3.2 Refined Petroleum Products Inventory Count. At a mutually agreed time on the
Conversion Date for each Contract Operator Premises, Seller shall conduct an inventory, using
the
electronic tank gauging equipment currently installed at each Contract Operator Premises, of
the Refined
Petroleum Products Inventory present at each of the Contract Operator Premises. After the
electronic
inventory is taken, Seller shall prepare an inventory statement for each of the Contract
Operator Premises
setting forth the quantities of each product grade of the Refined Petroleum Products Inventory
on the
applicable Conversion Date. The inventory statement shall also reflect the corresponding value
for each
product grade of Refined Petroleum Products Inventory, which shall be calculated based on the
following
values as of the close of the Business Day prior to the Conversion Date (such statement, an
“Inventory
Statement”):
(a) Gasoline to be calculated as follows:
Premium: (V-Power): BG PUL 90 CARBOB for ETOH 5.7% Vol.: OPIS Los Angeles
SpotPL CARBOB-P High, times 47.15%, plus OPIS Los Angeles Spot PL CARBOB-P
Low, times 47.15%, plus OPIS Los Angeles Spot Ethanol, Mid times 5.7%.

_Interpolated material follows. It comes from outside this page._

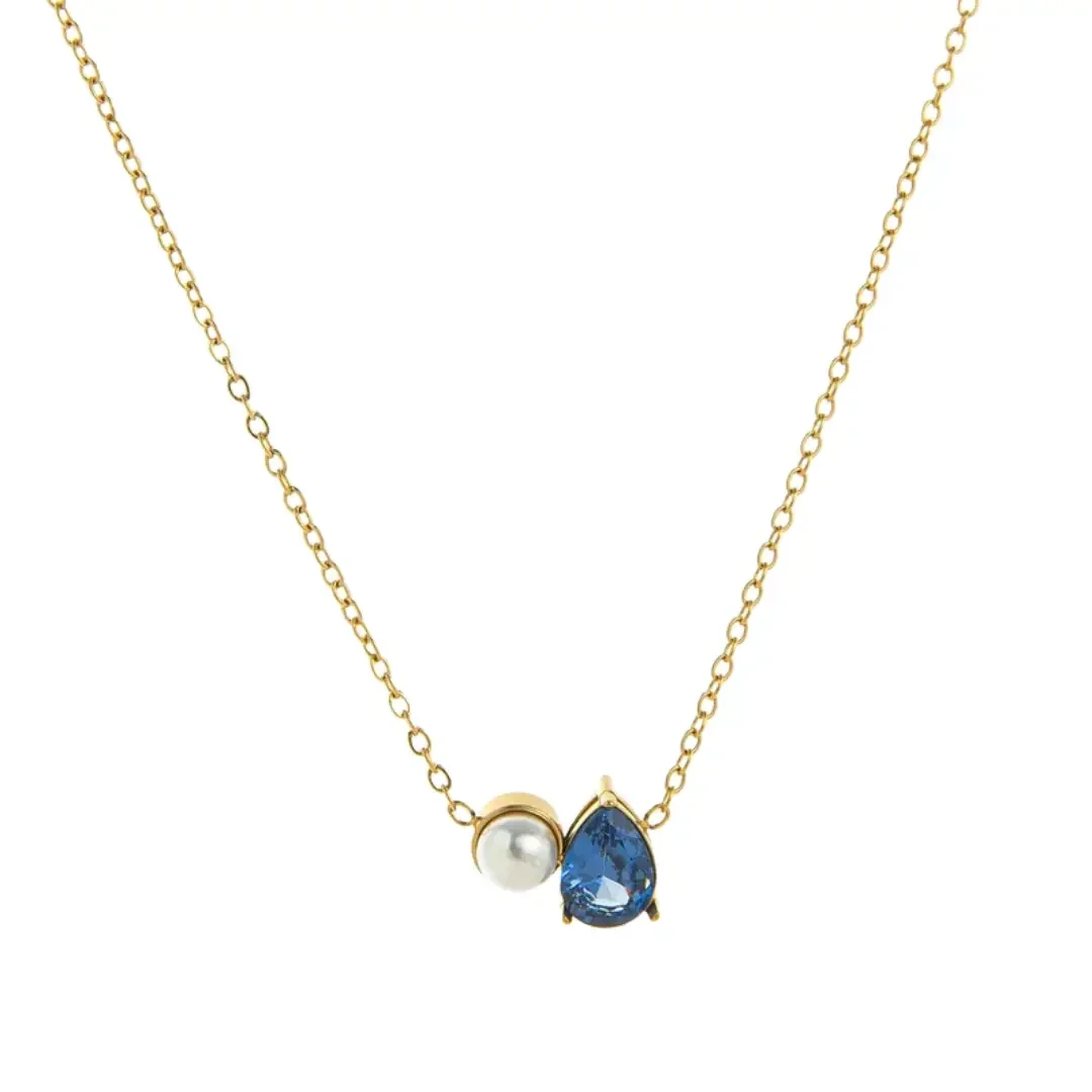 Deze prachtige victoria ketting combineert een glinsterend gekleurd steentje met een verfijnde parel. Een tijdloze en chique toevoeging aan je sieradencollectie! * 100% waterdicht! * Materiaal: roestvrij staal * Afmeting: 45 + 6 cm

Regular: BG RUL 85.5 CARBOB for ETOH 5.7% Vol.: OPIS Los Angeles Spot
PL CARBOB-R High, times 47.15%; plus OPIS Los Angeles Spot PL
CARBOB-R Low times 47.15%; plus OPIS Los Angeles Spot Ethanol, Mid times
5.7%.
Mid Grade: Premium (as calculated above) times 50%, plus Regular times 50%.
In addition to the base gasoline, the following elements will be added to
each of above figures to arrive at a total figure per gallon:
Transportation, Terminal & Delivery: 5.25 cents per
gallon.
Gasoline Fee: 1.725 cents per gallon.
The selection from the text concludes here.